In order to be able to single step the evaluation process, the debugger must be able to gain control both before and after each expression is evaluated. In Psd this is accomplished by packaging each expression inside a procedure. This procedure is then passed to the debugger command loop. When the user wants to continue, the command loop simply calls the procedure that was passed to it. The command loop then gains control again, and finally returns the value that the procedure returned. For example, the expression (+ x 1) in figure 2 is transformed to
(psd-debug (lambda () (+ x 1)))
The transformation is done recursively, so the expression is really transformed into
(psd-debug (lambda () ((psd-debug (lambda () +) (psd-debug (lambda () x) (psd-debug (lambda () 1)))))))In reality the debugger gets some more information (the current location in source code etc.), but the basic idea is the same.

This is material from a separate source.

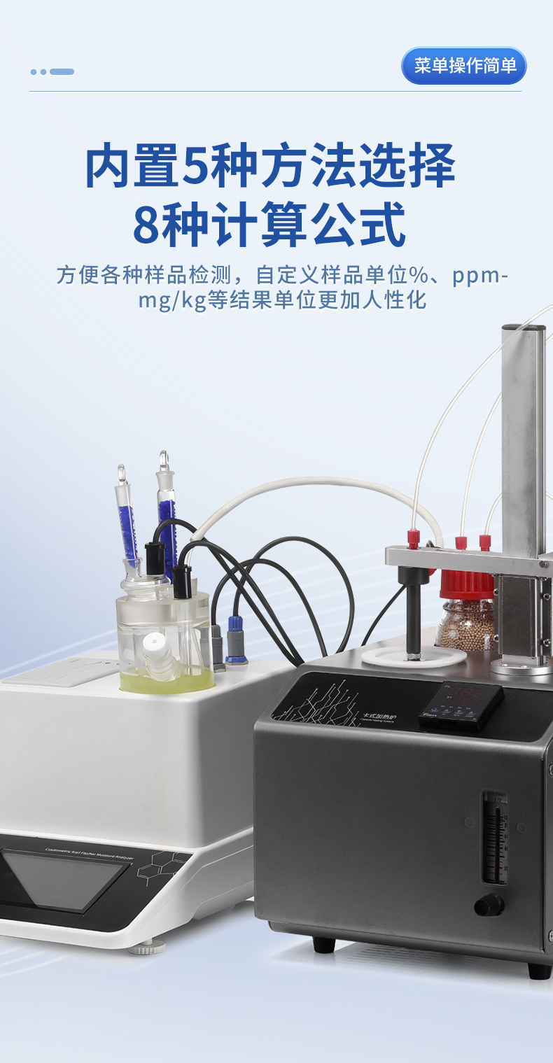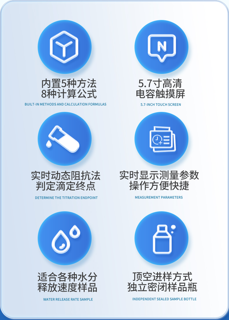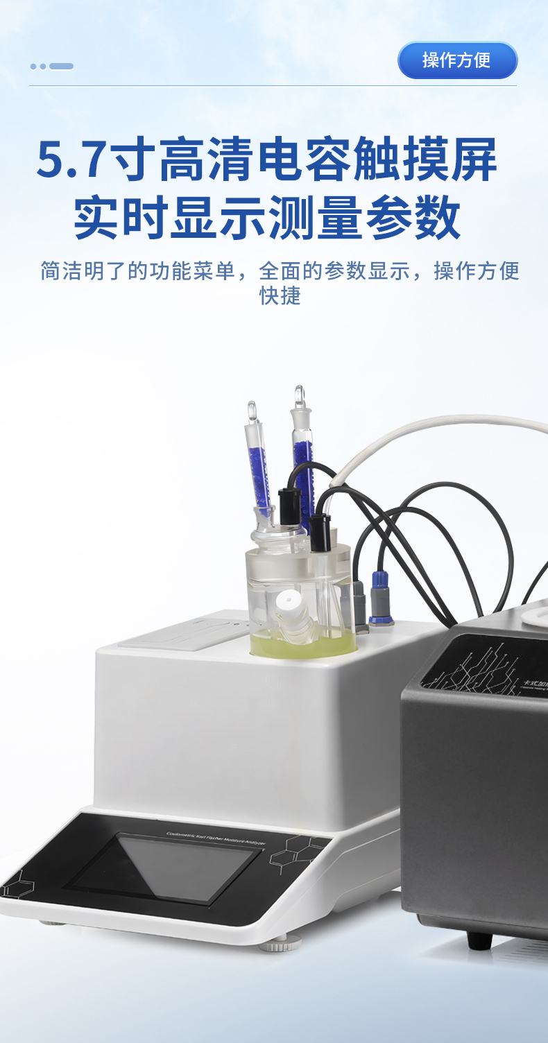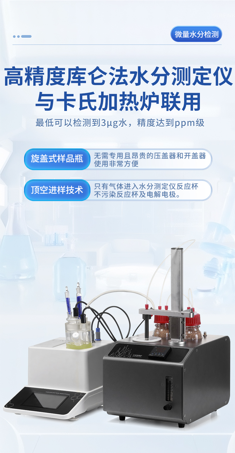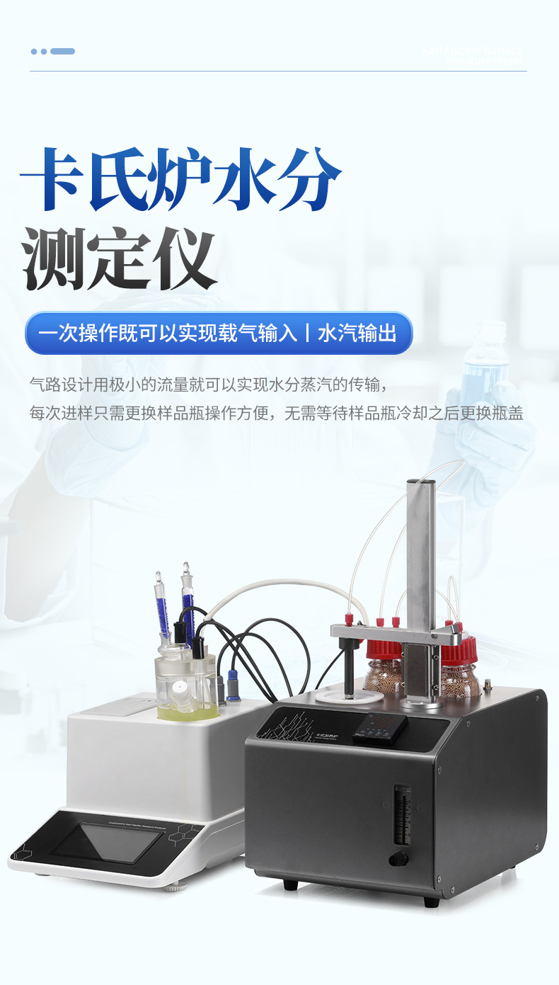 | 1. 采用高精度库仑法水分测定仪与卡氏加热炉联用,**可以检测到3μg水,精度达到ppm级; | 2. 空芯气针进样,和带加热功能的气体输送管路,零死体积水汽不凝结,操作更简单,同时也很大的提高了仪器的准确性和重复性; | 3. 5.7寸高清电容触摸屏,实时显示测量参数,简洁明了的功能菜单,全面的参数显示,操作方便快捷 ; | 4. 内置5种方法可供选择,8种计算公式方便各种样品检测,自定义样品单位%、ppm、mg/kg等结果单位更加人性化; | 5. 系统实时检测环境中的水分,精准扣除漂移,采用实时动态阻抗法判定滴定终点,测量结果更精准; | 6. **温度300℃可以满足大部分样品检测,气流0-100ml可调,适合各种水分释放速度的样品; | 7. 操作方便,用户只需要设置合适的温度,合适的流量,把样品放入事先准备好的样品瓶,放入加热器,然后把传输针扎入样品瓶的硅胶垫,在仪器上点开始测量即可; | 8. 无需等待上一次样品瓶冷却之后才能进行下一次样品测量,更换样品瓶过程中样品瓶始终保持密封状态,测量效率更高更准确,尤其是吸湿性强的样品无需担心空气中水分的干扰; | 9. 采用顶空进样的方式,保证每个测定采用“新”的样品瓶,样品测定无交叉感染。样品瓶体积小,确保较小的死体积和背景水分值。独立密闭样品瓶,测定时无需样品转移,结果更准确; | 10. 旋盖式样品瓶,无需专用且昂贵的压盖器和开盖器,使用非常方便; | 11. 顶空进样技术,只有气体进入水分测定仪反应杯,不污染反应杯及电解电极。 |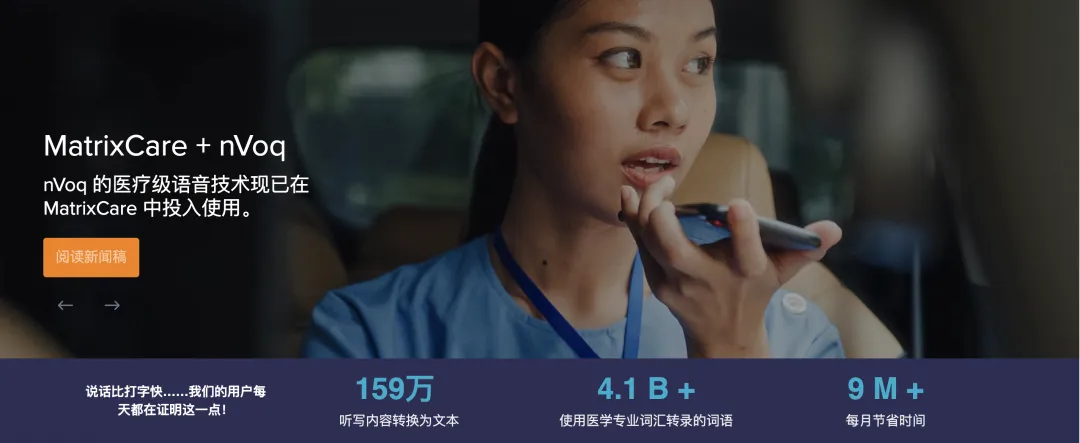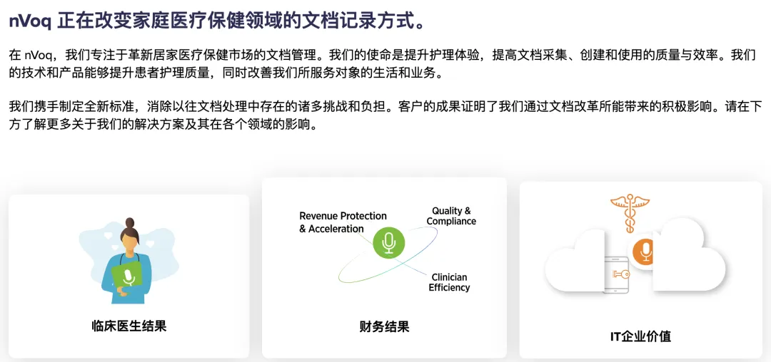 nVoq是一家为急性期后护理提供AI驱动临床文书解决方案的领军企业。其经过严谨医学训练的语音技术,现已成功接入知名电子健康记录(EHR)平台 MatrixCare,专门服务于家庭健康、临终关怀和专业护理机构。

It may seem that there is no point in instrumenting expressions like + and 1, but the instrumentation is needed for supporting breakpoints. Breakpoints are implemented by maintaining a list of source code locations of breakpoints. Each time psd-debug is called, it checks if there is a breakpoint for the current source line, and starts a command loop if needed. If primitive expressions like x would not be instrumented, there would be source lines for which breakpoints could not be set, for example in
(foo bar baz zap)
Single stepping is implemented similarly. Stepping by line is implemented by keeping track of the line number corresponding to the previous call to psd-debug.